Instructions for the task:
Leaving every picture out, please return exactly the lines from the top of the material below through the line with "- Meticulously handcrafted", both included.

Information provided:
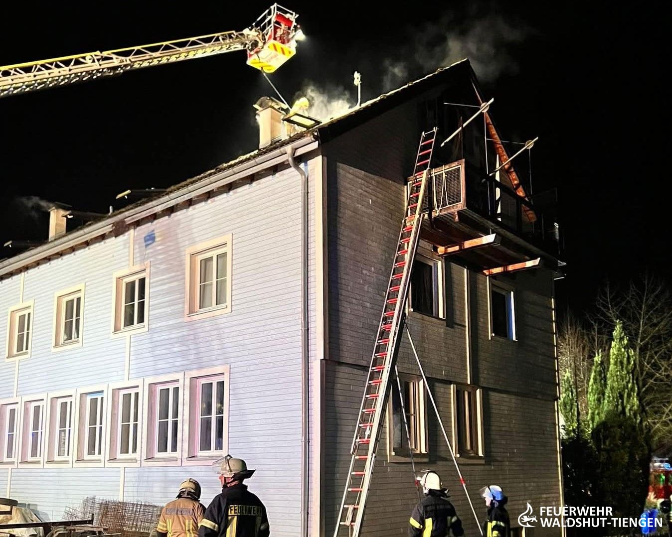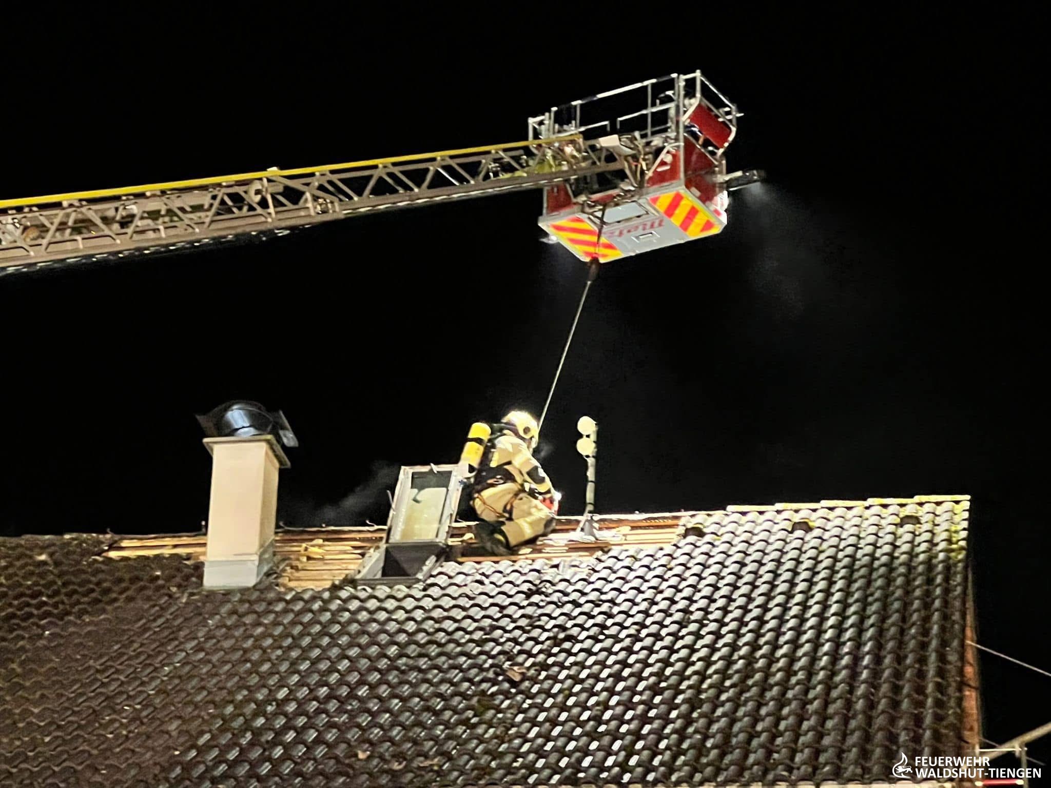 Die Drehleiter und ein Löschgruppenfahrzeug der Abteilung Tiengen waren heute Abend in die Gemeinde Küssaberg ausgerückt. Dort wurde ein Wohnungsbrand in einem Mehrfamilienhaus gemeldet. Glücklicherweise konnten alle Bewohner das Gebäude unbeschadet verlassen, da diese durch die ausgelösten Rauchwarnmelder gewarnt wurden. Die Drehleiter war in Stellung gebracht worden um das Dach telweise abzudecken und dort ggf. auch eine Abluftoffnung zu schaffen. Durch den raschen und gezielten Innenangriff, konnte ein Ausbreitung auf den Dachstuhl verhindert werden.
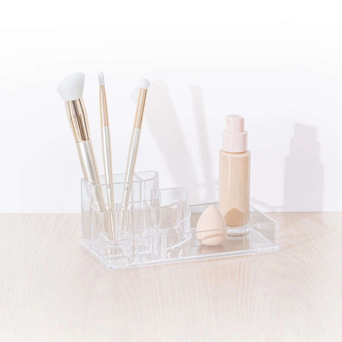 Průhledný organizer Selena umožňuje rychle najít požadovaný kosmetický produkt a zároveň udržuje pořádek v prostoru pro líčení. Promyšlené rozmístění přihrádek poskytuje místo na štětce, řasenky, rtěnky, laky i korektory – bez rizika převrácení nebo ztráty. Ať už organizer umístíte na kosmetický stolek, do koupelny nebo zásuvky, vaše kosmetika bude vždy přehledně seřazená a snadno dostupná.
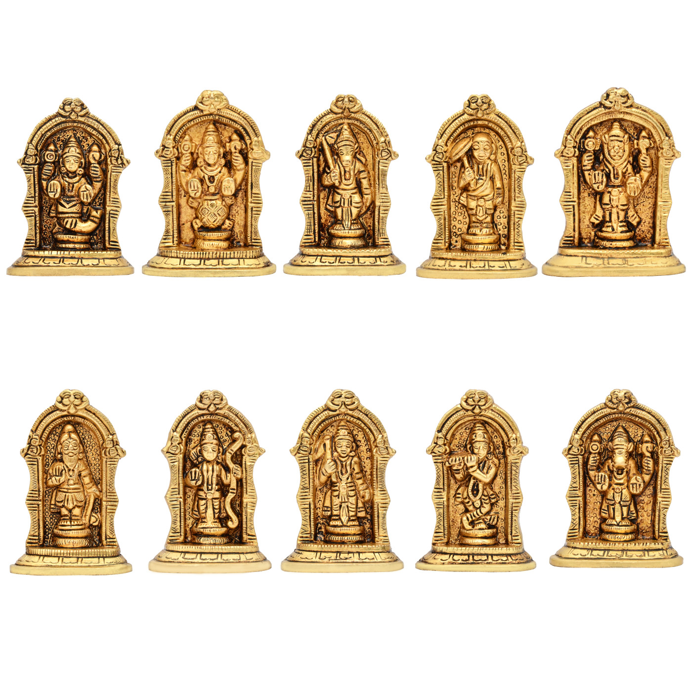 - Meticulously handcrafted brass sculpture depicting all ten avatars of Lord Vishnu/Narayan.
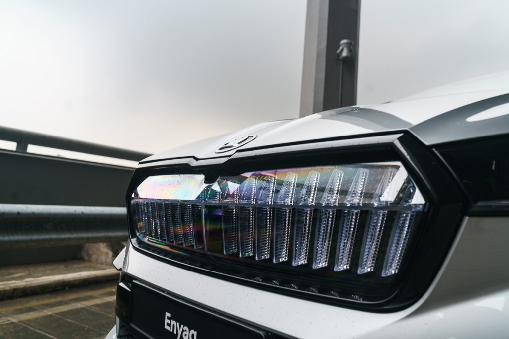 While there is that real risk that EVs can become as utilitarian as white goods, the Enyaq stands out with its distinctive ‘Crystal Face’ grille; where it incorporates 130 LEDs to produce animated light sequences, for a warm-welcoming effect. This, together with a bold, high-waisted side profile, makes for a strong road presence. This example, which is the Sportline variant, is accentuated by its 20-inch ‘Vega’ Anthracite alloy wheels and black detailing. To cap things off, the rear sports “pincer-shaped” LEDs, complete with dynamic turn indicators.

Solution below:
 Die Drehleiter und ein Löschgruppenfahrzeug der Abteilung Tiengen waren heute Abend in die Gemeinde Küssaberg ausgerückt. Dort wurde ein Wohnungsbrand in einem Mehrfamilienhaus gemeldet. Glücklicherweise konnten alle Bewohner das Gebäude unbeschadet verlassen, da diese durch die ausgelösten Rauchwarnmelder gewarnt wurden. Die Drehleiter war in Stellung gebracht worden um das Dach telweise abzudecken und dort ggf. auch eine Abluftoffnung zu schaffen. Durch den raschen und gezielten Innenangriff, konnte ein Ausbreitung auf den Dachstuhl verhindert werden.
 Průhledný organizer Selena umožňuje rychle najít požadovaný kosmetický produkt a zároveň udržuje pořádek v prostoru pro líčení. Promyšlené rozmístění přihrádek poskytuje místo na štětce, řasenky, rtěnky, laky i korektory – bez rizika převrácení nebo ztráty. Ať už organizer umístíte na kosmetický stolek, do koupelny nebo zásuvky, vaše kosmetika bude vždy přehledně seřazená a snadno dostupná.
 - Meticulously handcrafted brass sculpture depicting all ten avatars of Lord Vishnu/Narayan.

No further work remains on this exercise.